Волк, тем временем, уже вцепился в лодыжку Павла. Хруп! Павел тоже заорал и шлёпнулся на товарища. Иван стоял, вытаращив глаза.

— Что уставился? Быстро уходим! — скомандовал волк и они бегом покинули перрон, на котором, к счастью, никого уже не было.

На вокзальной площади волк негромко произнёс:

— От Москвы до самых до окраин.

Иван впал в ступор и молчал.

— Ну? Отзыв давай! — нетерпеливо рыкнул волк.

— Человек проходит, как хозяин, — пролепетал Иван, — А ты… вы и есть, значит, товарищ Серый?

— Да.

— А почему… розовый?

— Покрасился неудачно, — вздохнул Серый Волк, — Хотел камуфляж навести, а в местном Сельпо красочка оказалась из Одессы, с Малой Арнаутской улицы.

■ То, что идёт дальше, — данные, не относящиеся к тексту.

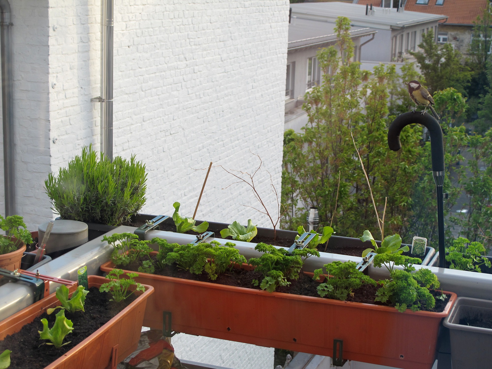 Den umgedrehten Regenschirm hatte ich eigentlich für die Amsel als Chefsessel eingerichtet, damit sie nicht immer in den Kästen sitzt und dort meine Setzlinge vollkackt. Wobei ich mit kleinen Hinterlassenschaften noch hätte leben können, aber wenn sie sich zwecks Luftraum-Überwachung drehte, beschädigte ihr Höhenruder empfindliche Setzlinge. Der Regenschirm hat bei der Amsel nicht gezogen, dafür wurde und wird er von den Meisen ausgiebig genutzt.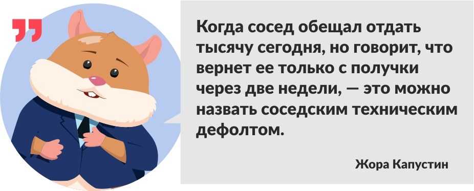 Технический дефолт (именно такой случился с Россией в августе 1998 года) — еще не банкротство. Это момент, когда заемщик прямо сейчас выплатить долг не может, но в будущем готов все отдать.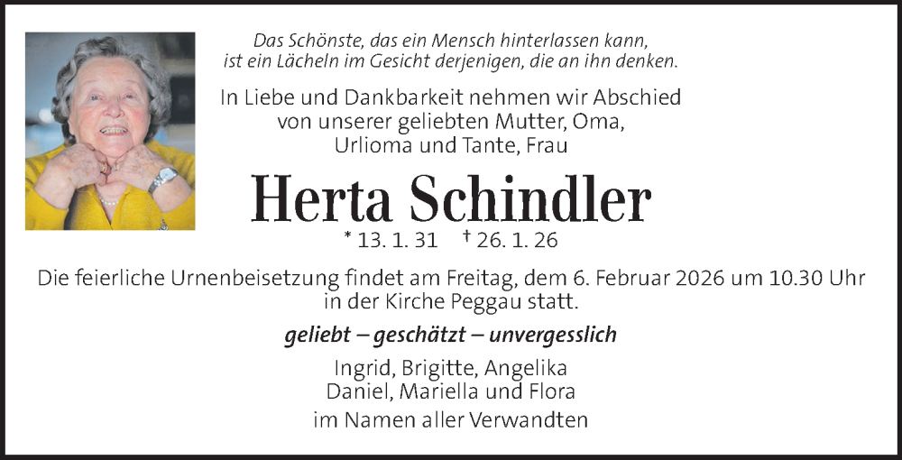 Hier finden Sie alle Traueranzeigen aus der Zeitung, die bisher für Herta Schindler erschienen sind. Weitere Traueranzeigen, die in der Zeitung erscheinen, werden hier ebenfalls aufgelistet

— А зачем ты ребят укусил?

— Затем! Они — вражеские агенты. Я сразу учуял. Или не слышал, как они по латыни ругались?

— Да, я… это… латынью не владею… в школе германский учил.

— Короче, Ваня, сваливаем отсюда, разговоры потом!

По дороге Иван лихорадочно припоминал, не проговорился ли он, не выдал ли спьяну военную тайну. Вспомнились плакаты в училище: «Болтун — находка для шпиона», «Бдительность — не мнительность!» и, почему-то, «Береги Родину, мать твою!». Нет, ничего окромя легенды об отпуске не рассказывал! На душе полегчало.

Добравшись до морвокзала (Онежское озеро многие называли морем), партнеры заняли очередь за билетами на катер до Широкой Здеси. Отправление было скоро: через два часа.

— С вас, товарищ военный, восемь тридцать, а за собачку — пять шестьдесят, — сообщила кассирша, толстая тётка неопределенного возраста в ярком цветастом платке.

Иван заплатил и тщательно спрятал билеты в бумажник. Для отчёта. Время до посадки ещё имелось в избытке, поэтому зашли в забегаловку перекусить. Меню было не очень обширное: борщ, пельмени, жареная рыба, беляши и пирожки с повидлом.

— Тебе… вам что взять? — спросил Иван, изучив захватанный жирными пальцами лист.

— Борща и беляшей, а на десерт пирожок с повидлом. Люблю жареное тесто! Только, попроси, чтоб борщ не горячий налили, и погуще.

Борщ перелили в миску. Дело было обычное, много проезжающих с собаками.

Иван взял себе пельменей. Двойную порцию.

— Зря ты борщ не взял, — укорчиво попенял Волк, вылизав миску, — В жидкости вся сила!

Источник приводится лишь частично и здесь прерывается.